By 1965, the US participation in Vietnam was reaching a juncture where it could choose to disengage (and thus concede the loss of South Vietnam to the Communist juggernaut – which then would then sweep across the rest of the SE Asia landscape).  It could “stay the course,” with a limited ground role using advisers to the ARVN and provide tactical and strategic air support from remote airbases and carriers – not entirely acceptable because to date, that process hadn’t produced the results envisioned and if projected to a defeat of South Vietnamese forces, a subsequent loss of face and faith in America’s abilities to defend other friends and allies in the region (notably Thailand and by extension, South Korea, Japan and Australia).  A third choice involved a larger commitment of US forces – ground, naval and air to bring pressure on the North Vietnamese and compel their withdrawal from actions against the South.  Knowing full well the costs in dollars and personnel of committing a large ground force to the war, air power was looked upon as an area of particular advantage to the US with McGeorge Bundy (Johnson’s National Security adviser) noting “Yet measured against the costs of defeat in Vietnam, this program seems cheap. And even if it fails to turn the tide—as it may—the value of the effort seems to us to exceed its cost.” The measure of that endeavor would soon be taken, beginning in March 1965 with Operation Rolling Thunder… SJS

The official press release:

“Air Force Pilot Missing From Vietnam War Identified
   The Department of Defense POW/Missing Personnel Office (DPMO) announced today that the remains of a serviceman, missing in action from the Vietnam War, have been identified and returned to his family for burial with full military honors.

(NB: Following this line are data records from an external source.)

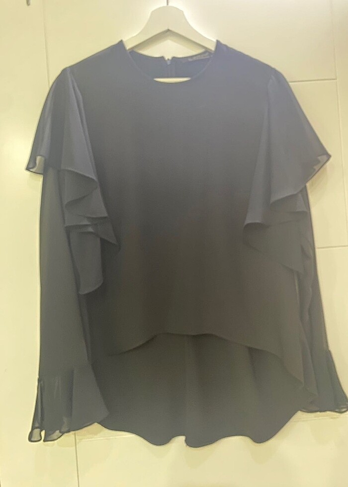 Bikaç kez giydim. Bir sıkıntısı yoktur. Arkadan gizli fermuarlıdır. Önü kısa arkası uzun gömlek tişört tarzındadır. Omuzlarda ve kol ağzında şifon fırfır detayları bulunmaktadır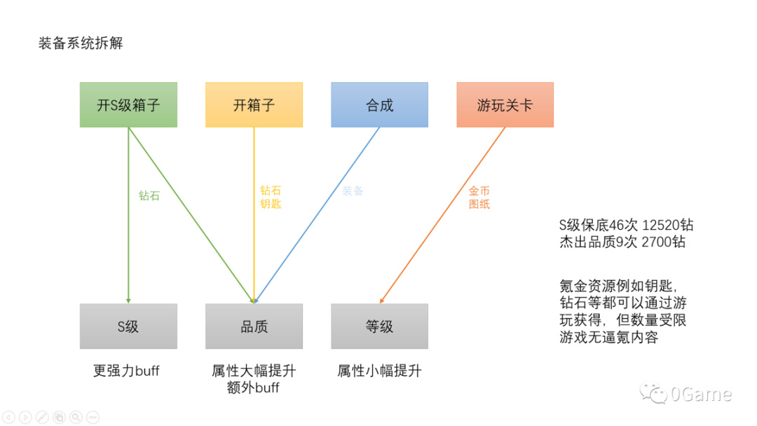 这张aim map标记出了最重要的系统目的为何。譬如装备系统的目的是提高游戏时间与收入,而角色系统的目的是尽可能拉长玩家的游戏时间。综合来看,作为一款单机手游,摒弃了提升玩家之间交流联机的需求后,对于提升游戏收入和拉长游戏时间都拥有自己的方式,且效果尚佳。
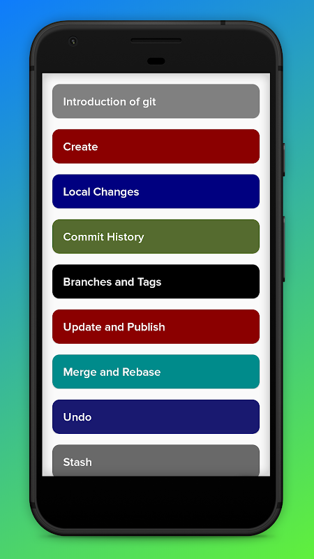 Uygulamada git komutları bir demet. Kullanıcı kısa bir açıklama ile çok fazla komut öğrenebilir. Yeni başlayanlar ve ara ürünler için en iyisi.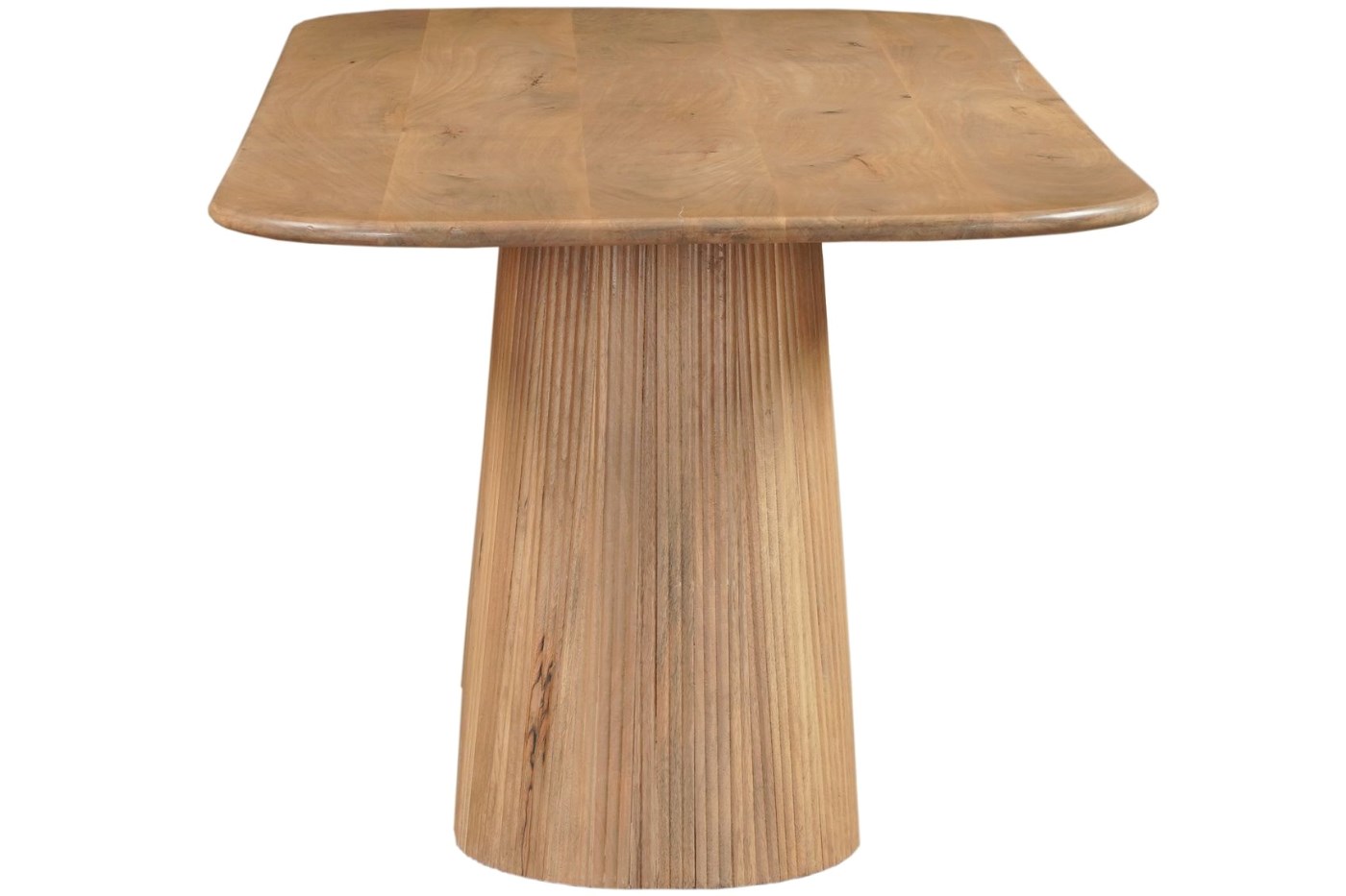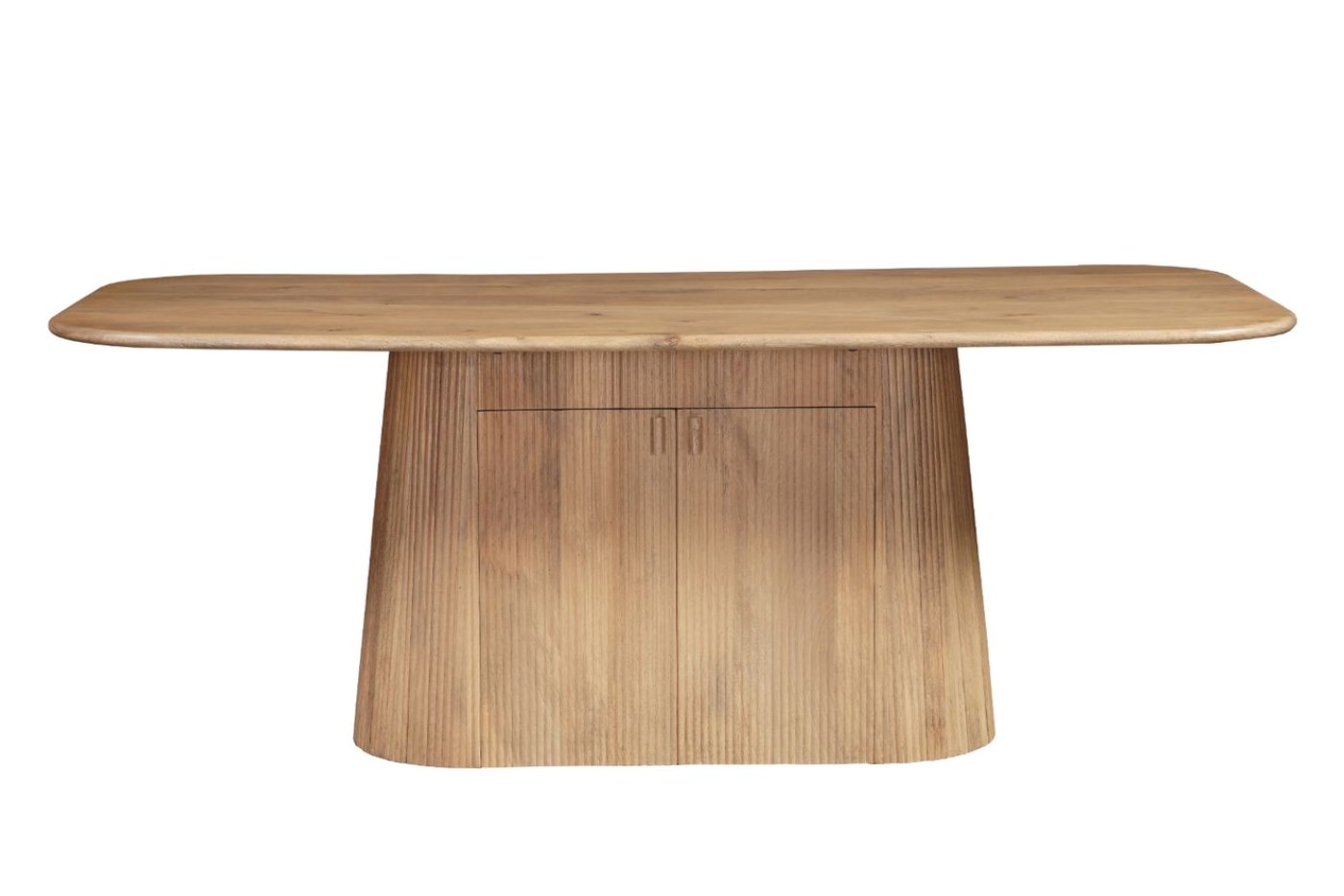 The sculptural fluted base, detailed with refined vertical ribbing, brings a sense of architectural elegance while retaining a natural, grounded presence. Discreetly integrated within the base are two spacious cabinets with hinged doors, providing practical storage for linens, placemats, candles or serving pieces, all seamlessly incorporated into the design.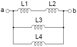 다음과 같은 회로의 a-b간 합성 인덕턴스는 몇 H 인가? (단, L1=4H, L2=4H, L3=2H, L4=2H 이다.)
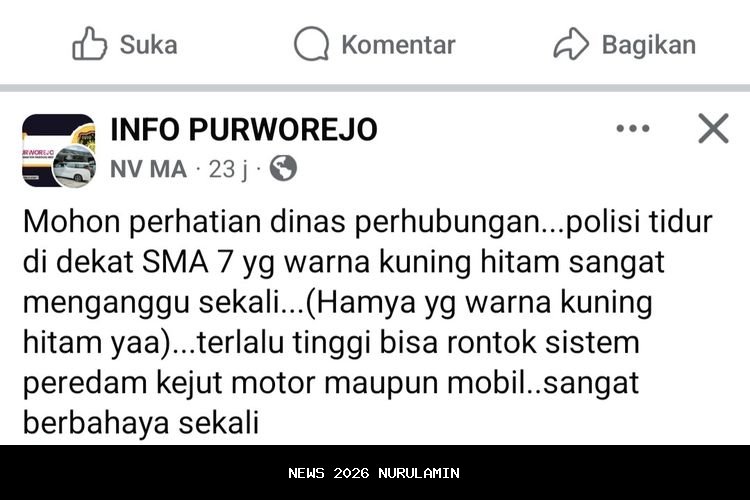 Meski memahami alasan keselamatan, sejumlah warga tetap meminta Dishub Kabupaten Purworejo untuk mengevaluasi ketinggian polisi tidur tersebut. Mereka khawatir jika tidak segera disesuaikan, keberadaannya justru dapat menimbulkan kecelakaan baru.

   Air Force Major Thomas E. Reitmann of Red Wing, Minn., will be buried on Sept. 8 in Arlington National Cemetery. In 1965, Reitmann was assigned to the 334th Tactical Fighter Squadron deployed out of Seymour-Johnson Air Force Base, N.C., to Takhli Air Base, Thailand. On Dec 1, 1965, he was flying a strike mission as the number three aircraft in a flight of four F-105D Thunderchiefs as part of Operation Rolling Thunder. His target was a railroad bridge located about 45 nautical miles northeast of Hanoi. As the aircrew approached the target area, they encountered extremely heavy and accurate anti-aircraft artillery (AAA). While attempting to acquire his target and release his ordnance, Reitmann received a direct AAA hit and crashed in Lang Son Province, North Vietnam. Other pilots in the flight observed no parachute, and no signals or emergency beepers were heard. Due to the intense enemy fire in the area a search-and-rescue team was not able to survey the site and a two-day electronic search found no sign of the aircraft or Reitmann.

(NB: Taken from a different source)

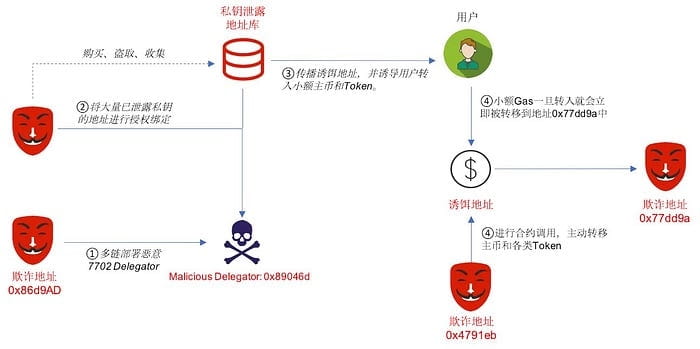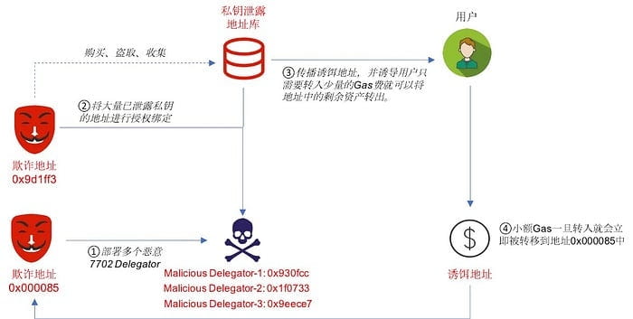 2. Al igual que la estafa de múltiples firmas de Tron y la estafa de cambio de permisos de Solana, utilizando direcciones con claves privadas filtradas, la pandilla fraudulenta está expandiendo este tipo de engaños en la cadena EVM basada en EIP-7702.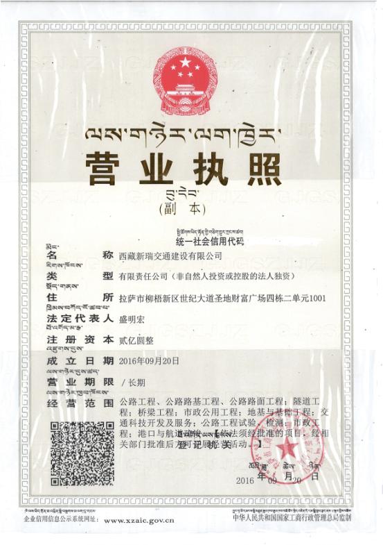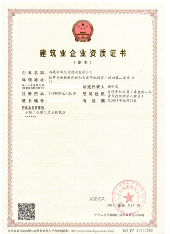 近日,公司全资子公司西藏新瑞交通建设有限公司收到西藏自治区住建厅下发的资质证书,喜获公路工程施工总承包贰级资质。

   In 1988, the Socialist Republic of Vietnam (S.R.V.) repatriated remains to the United States believed to be those of Reitmann. The remains were later identified as those of another American pilot who went missing in the area on the same day as Reitmann.
   Between 1991 and 2009, joint U.S.-S.R.V. teams, led by the Joint POW/MIA Accounting Command (JPAC), analyzed numerous leads, interviewed villagers, and attempted to locate the aircraft. Although no evidence of the crash site was found, in 2009 and 2011 a local farmer turned over remains and a metal button he claimed to have found in his corn field.

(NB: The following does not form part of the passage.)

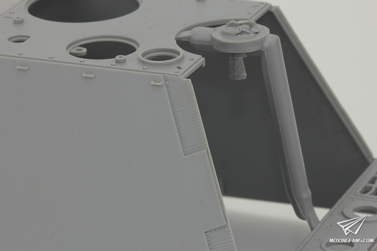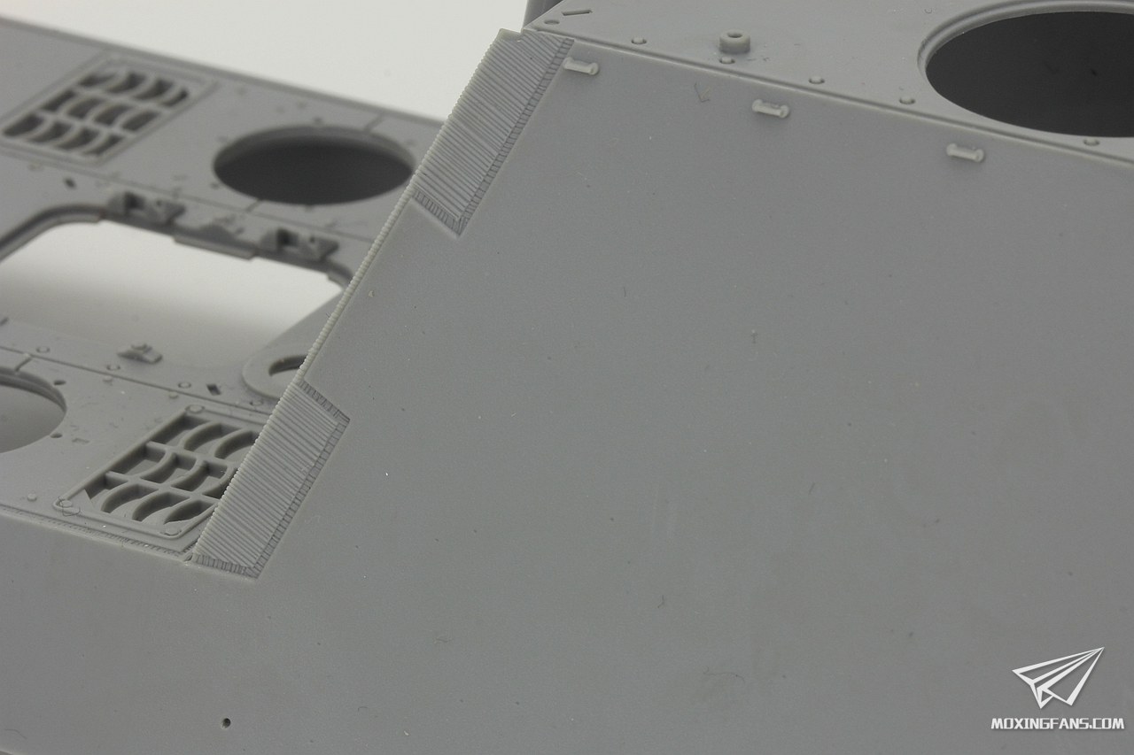 ▼ 但是其他部分的焊线和切割痕表现的就差强人意了,甚至还出现了少许飞边。另外,装甲表现制作了一些小坑细节,和之前的黑豹2类似,但是稀疏很不少,应该是用来还原轧制钢板的质感,但是表现的也不太让人满意。侧面的伪装物挂架套件只是开出了小型的突起,建议模友们切掉重做一下,效果会好很多。

   Among other forensic identification tools and circumstantial evidence, scientists from the Armed Forces DNA Identification Laboratory also used mitochondrial DNA – which matched that of his brother — in the identification of Reitmann’s remains.”

But wait – there’s more…
In February, 1958 a dark-haired 28 year old reported to Greenville AFB, Mississippi as student officer in the Aviation Cadet program. Born in 1930 in Red Wing , Minnesota, a small city (pop. 10,000) hard on the banks of the Mississippi River, he’d graduated from Red Wing High in 1948 and enlisted in the Navy, and subsequently saw service during the Korean War in England and French Morocco. Leaving the Navy in 1952, he returned to Red Wing holding down a variety of jobs, but it wasn’t enough to keep him in Red Wing.  Joining the Air Force, and following his graduation from the flight program and receiving his wings, he eventually reported to the famous 334th Fighter Squadron in 1958, then flying the F-100 Super Saber. The 334th traced its lineage back to the dark days of early WWII where it was incorporated as No 71 Sqdn of the RAF – an Eagle squadron of American volunteers. Along with the 335th and 336th, it formed the core of the VII Fighter Command, 4th Group which was the first Army Air Force unit activated in the European Theater of Operations. Flying Spitfires, P-47 Thunderbolts and then, until the end of the war, the P-51 Mustang, 334th pilots were credited with 395 kills against the Luftwaffe. In Korea, they were credited with 142 kills and tallied six aces in their membership. Relocating from Korea in 1957, the 334th was home-based out of Seymour Johnson from which detachments would deploy to Incirlik, Turkey and other locations as required. In 1958 it was re-designated as the 334th Tactical Fighter Squadron and in keeping with the re-designation, in 1959, the 334th transitioned to the F-105 Thunderchief.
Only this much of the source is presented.